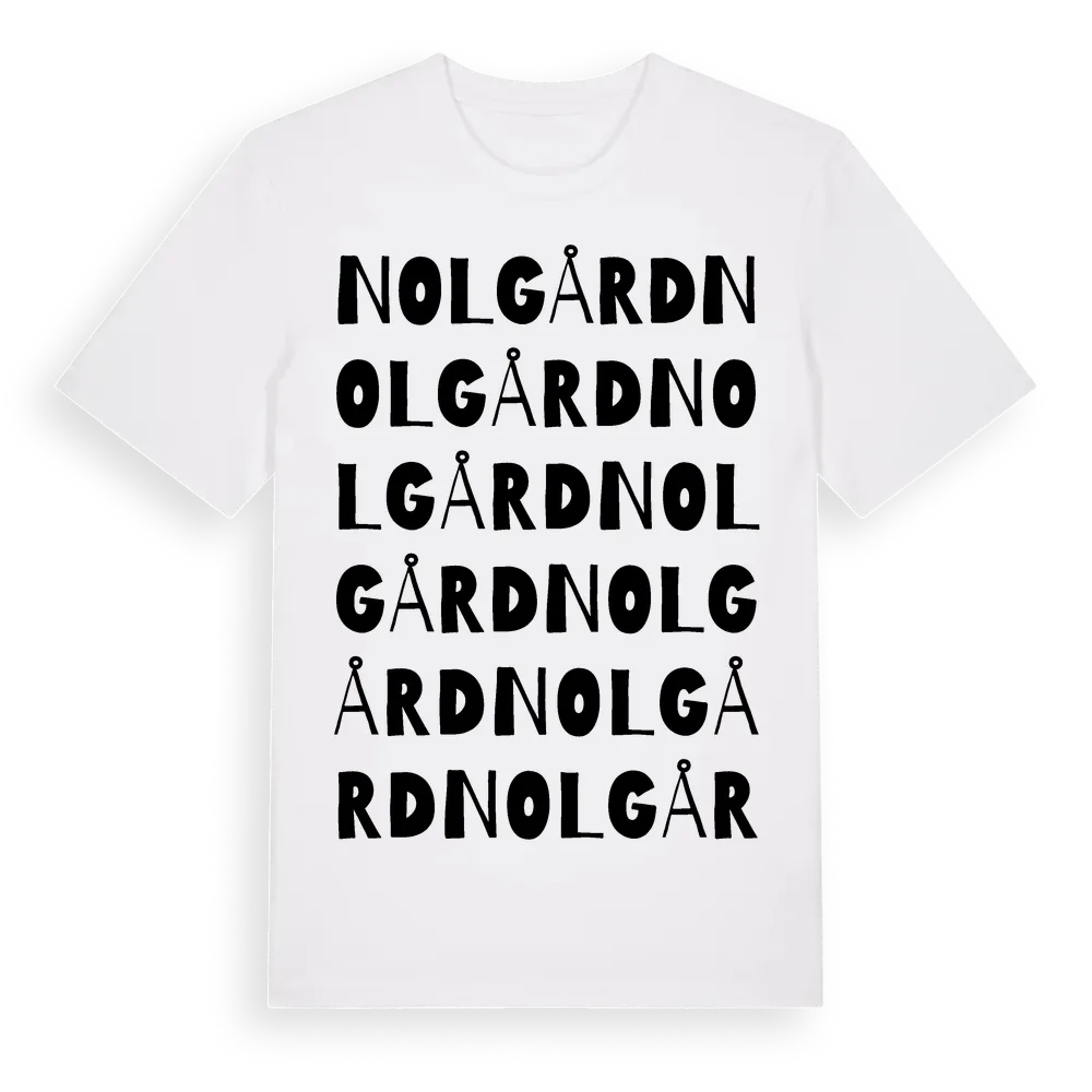 Nolgård ordlek t-shirt är inspirerad av Nolgård i Värmlands län, Sverige. Tröjan är designad för dig som har en speciell koppling till platsen – oavsett om du bor här, har rötterna här eller bara älskar Nolgård.
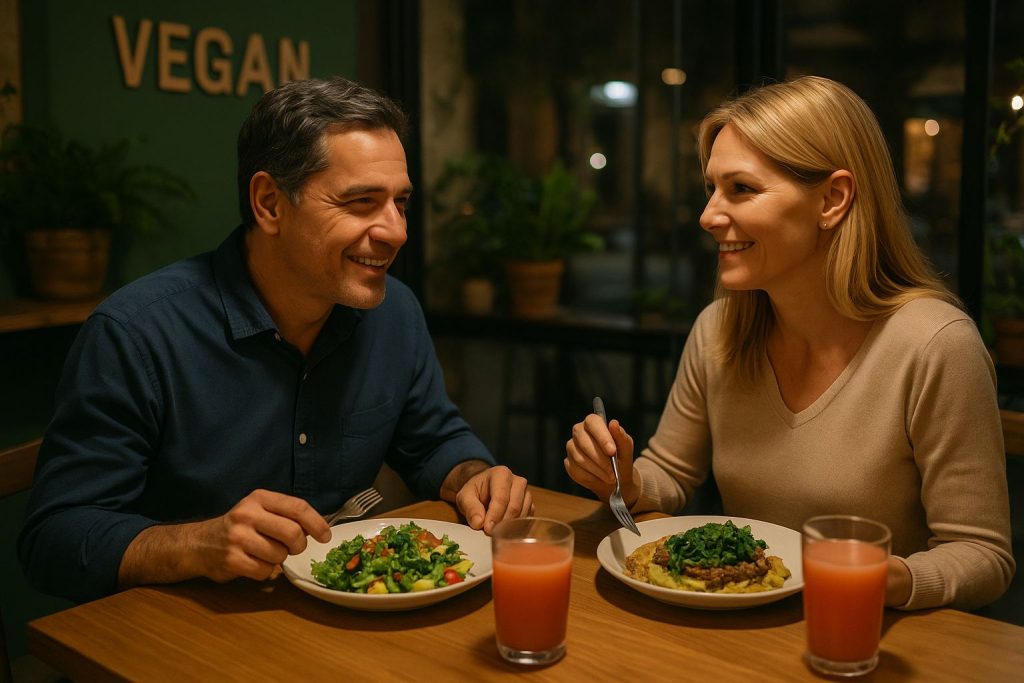 À noite, o futuro casal Maranata foi comemorar com um jantar vegano regado a suco de goiaba.
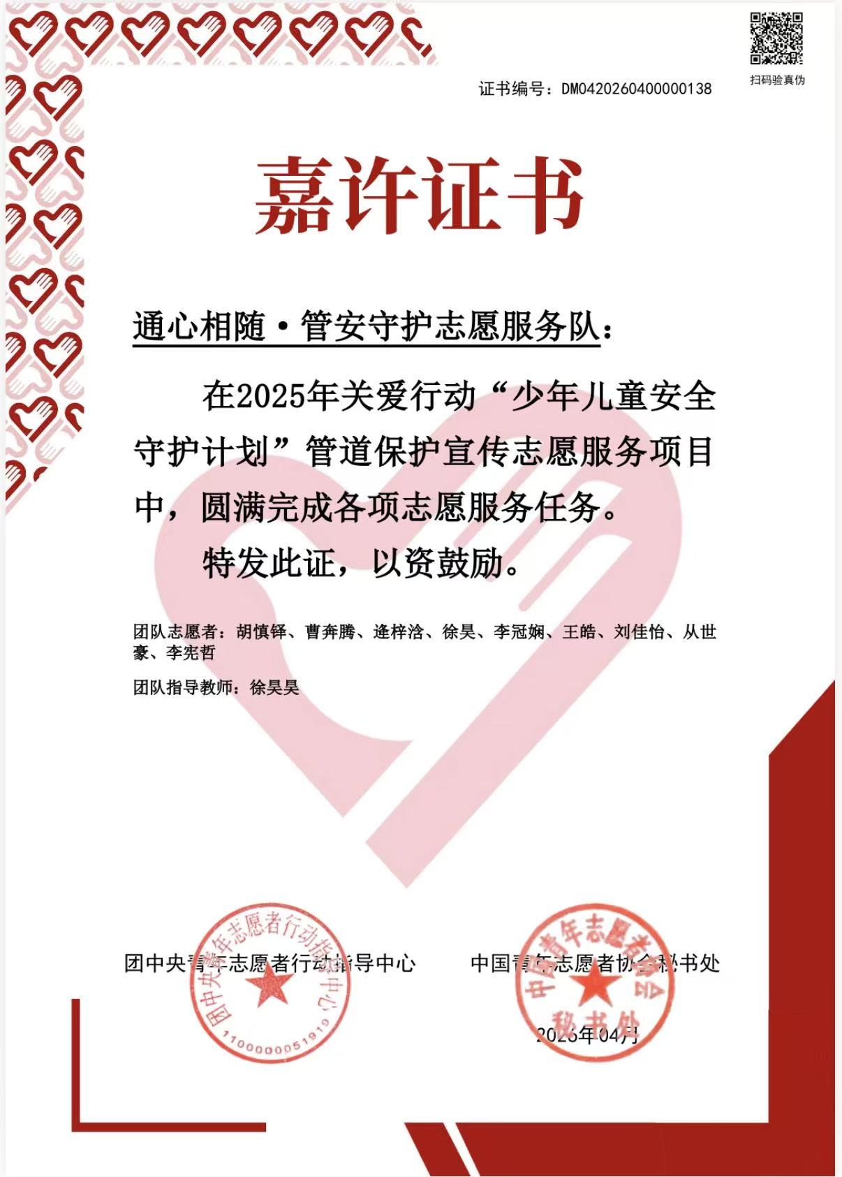近日,在2025年关爱行动“少年儿童安全守护计划”管道保护宣传志愿服务项目评选中,山东科技大学“通心相随·管安守护”志愿服务队表现突出,从全国1000支团队中脱颖而出,荣获团中央嘉许证书,成为全国仅有的100支获奖团队之一。
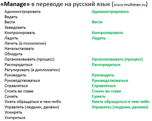Для этого я воспользовался одним из лучших онлайн-словарей современности (www.multitran.ru) и выписал большинство русских значений слова «manage» [2] (левый столбик, в алфавитном порядке). Получилось вот что:
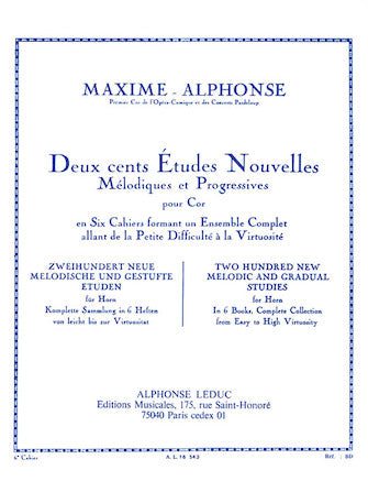 Composer: Maxime-Alphonse Deux Cents Etudes Nouvelles Melodiques et Progressives [Two Hundred New Melodic and Progressive Studies] for Horn Publisher: Alphonse Leduc Category: Classical Series: Leduc Format: Softcover In six books, Maxime Alphonse provides 200 progressive studies...Regular price $39.99 -
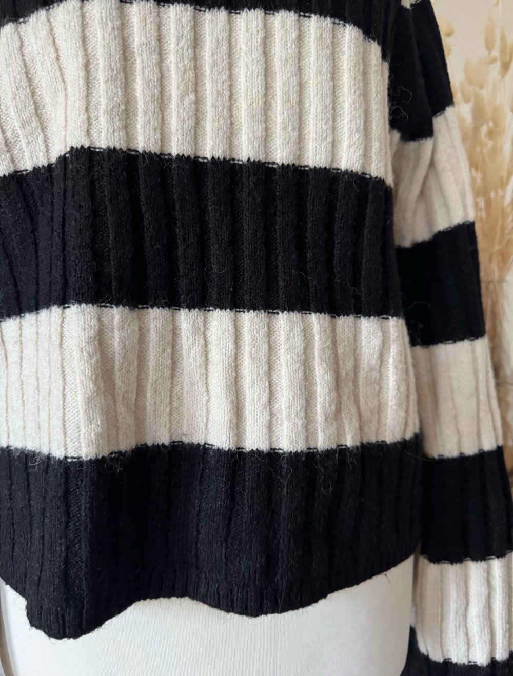 H&M Strickpullover schwarz weiß Creme gestreift S 36 Top
=====
Problem statement:
Without copying any picture, write out the entries exactly.

Response:
 Nolgård ordlek t-shirt är inspirerad av Nolgård i Värmlands län, Sverige. Tröjan är designad för dig som har en speciell koppling till platsen – oavsett om du bor här, har rötterna här eller bara älskar Nolgård.
 À noite, o futuro casal Maranata foi comemorar com um jantar vegano regado a suco de goiaba.
近日,在2025年关爱行动“少年儿童安全守护计划”管道保护宣传志愿服务项目评选中,山东科技大学“通心相随·管安守护”志愿服务队表现突出,从全国1000支团队中脱颖而出,荣获团中央嘉许证书,成为全国仅有的100支获奖团队之一。
Для этого я воспользовался одним из лучших онлайн-словарей современности (www.multitran.ru) и выписал большинство русских значений слова «manage» [2] (левый столбик, в алфавитном порядке). Получилось вот что:
 Composer: Maxime-Alphonse Deux Cents Etudes Nouvelles Melodiques et Progressives [Two Hundred New Melodic and Progressive Studies] for Horn Publisher: Alphonse Leduc Category: Classical Series: Leduc Format: Softcover In six books, Maxime Alphonse provides 200 progressive studies...Regular price $39.99 -
 H&M Strickpullover schwarz weiß Creme gestreift S 36 Top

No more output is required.